Landform and Agricultural Management Characteristics Influencing C, N, P Export With Extreme Rainfall Driven Flows in the Assiniboine River Watershed

Abstract:

The Assiniboine River Watershed (ARW) drains 182,000 km² of Saskatchewan, Manitoba, and North Dakota. Peak flow rates observed in 2011 and in 2014 were the highest recorded since hydrometric measurement was initiated in 1913. Under high flow conditions the Province of Manitoba operates a water control structure at Portage la Prairie (the Assiniboine River Diversion; ARD) diverting water outside the ARW to Lake Manitoba (4,624 km²) to prevent flooding in densely populated areas near and in the City of Winnipeg.

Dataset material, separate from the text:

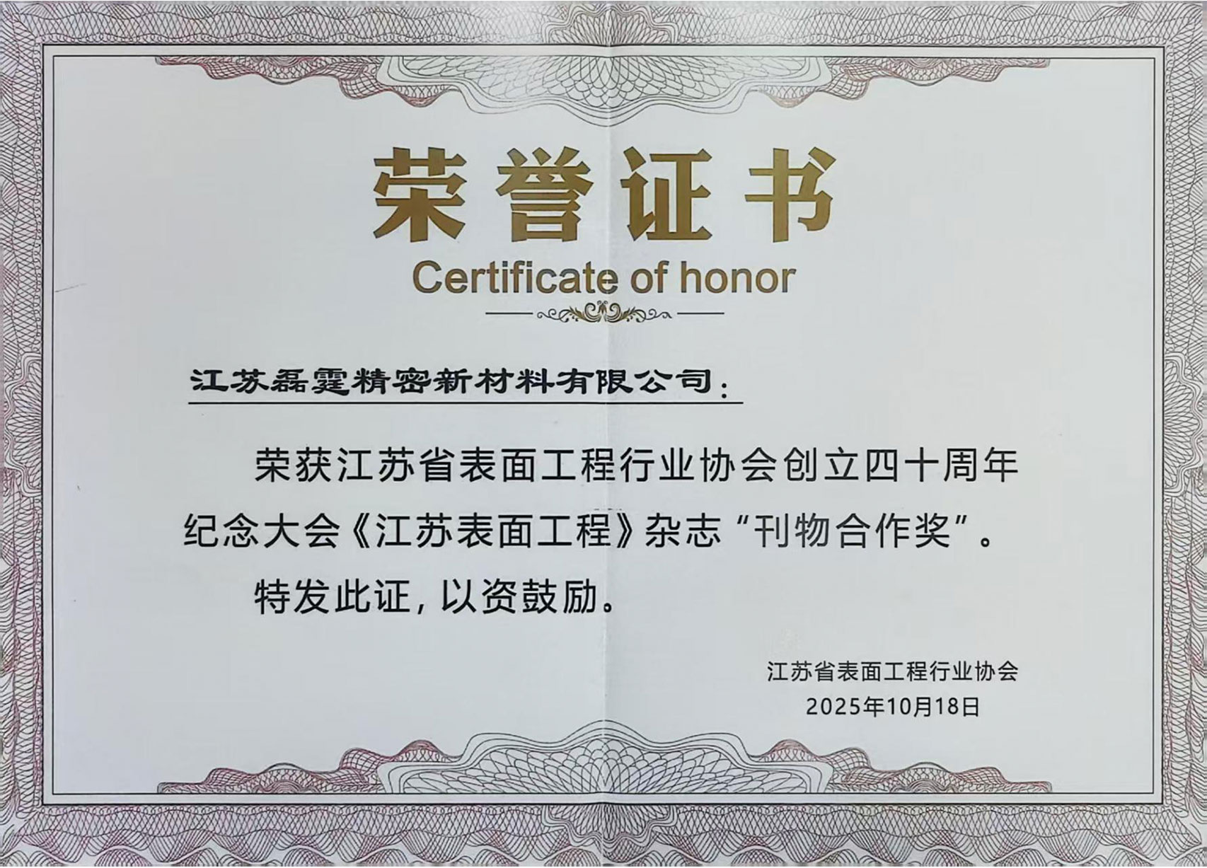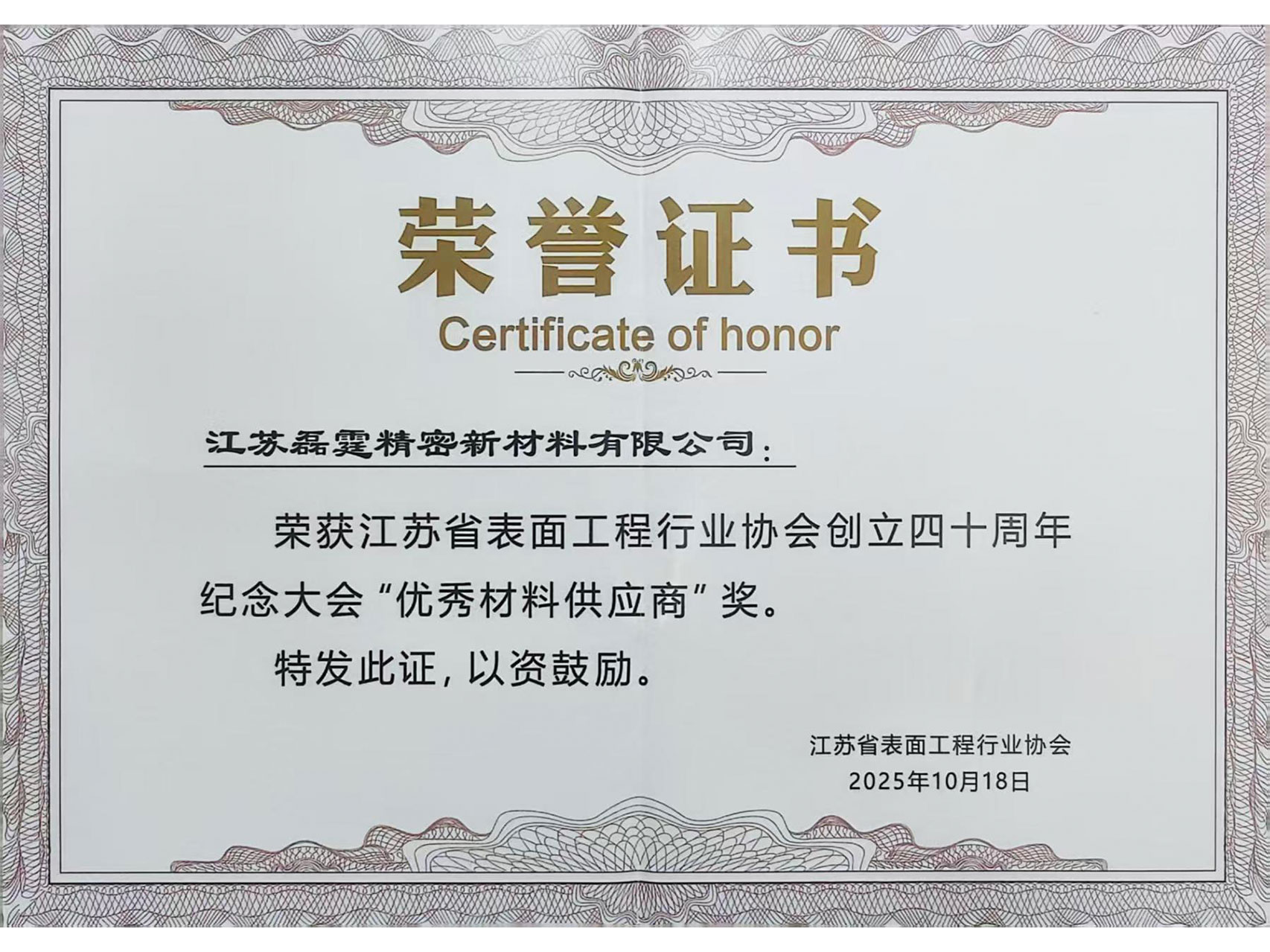在本次大会上,江苏磊霆霆精密新材料有限公司凭借卓越的产品质量、专业的技术服务和良好的行业口碑,从众多企业中脱颖而出,荣获协会颁发的“优秀材料供应商奖”、“江苏表面工程刊物合作奖”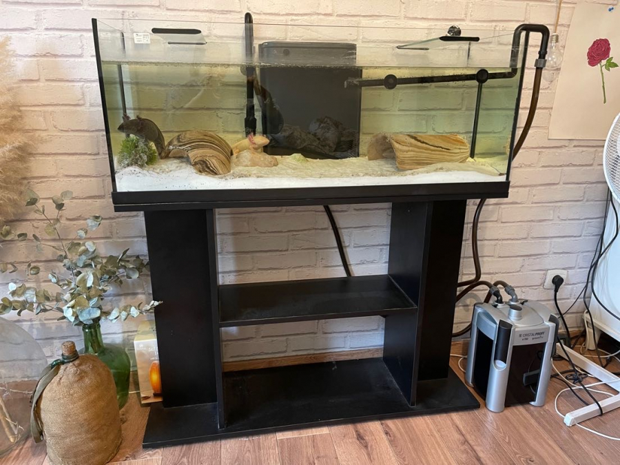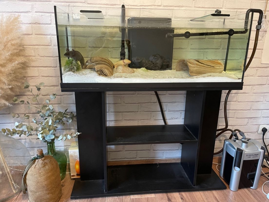 Vend aquarium de 120l en très bon état avec son meuble, son couvercle, un radiateur, un bulleur et environ 20kg de sable jbl sansibar blanc neige

Recent research by Page (2011, 2015) indicates that in years of operation the ARD is the largest source of P and second largest source of N to Lake Manitoba. Along with alteration of the biogeochemistry of the Assiniboine River itself in flood years, the large influx of water from the ARD has led to less saline and more nutrient rich conditions in Lake Manitoba over the last 17 years (Page, 2011). For the May-June period in the ARW the average rainfall, number of consecutive days with rain >1mm, and proportion of rain occurring on days with rain rate in the 95^th percentile has increased significantly since 1960 and this pattern may be linked to anthropogenic climate forcing (Szeto et al., 2015). Land use throughout the ARW is predominantly agricultural and extensive changes in tillage practices, surface drainage, cropping systems, and fertilization have occurred over the last 50 years. As a result, understanding how agricultural land management influences biogeochemical responses to extreme spring precipitation events is of particular importance. In the research presented here we describe patterns of flow, C, N, and P export in 2014 for a network of 8 fields (2-6 ha.) and 9 tributaries (60-1000 km²) of the ARW as related to agricultural management and surface drainage patterns. Annual export from tributaries was controlled by surface water storage capacity in wetlands and depressions, as measured by effective contributing area (Fig 1) with increases observed for those watersheds with more extensive artificial drainage. Across the tributaries studied the extreme rainfall event accounted for 64% on average of overall water yield in 2014, but event specific water yield related more with antecedent wetness than to drainage. Responses at the field scale correlate closely to soil test N and P and to antecedent soil moisture.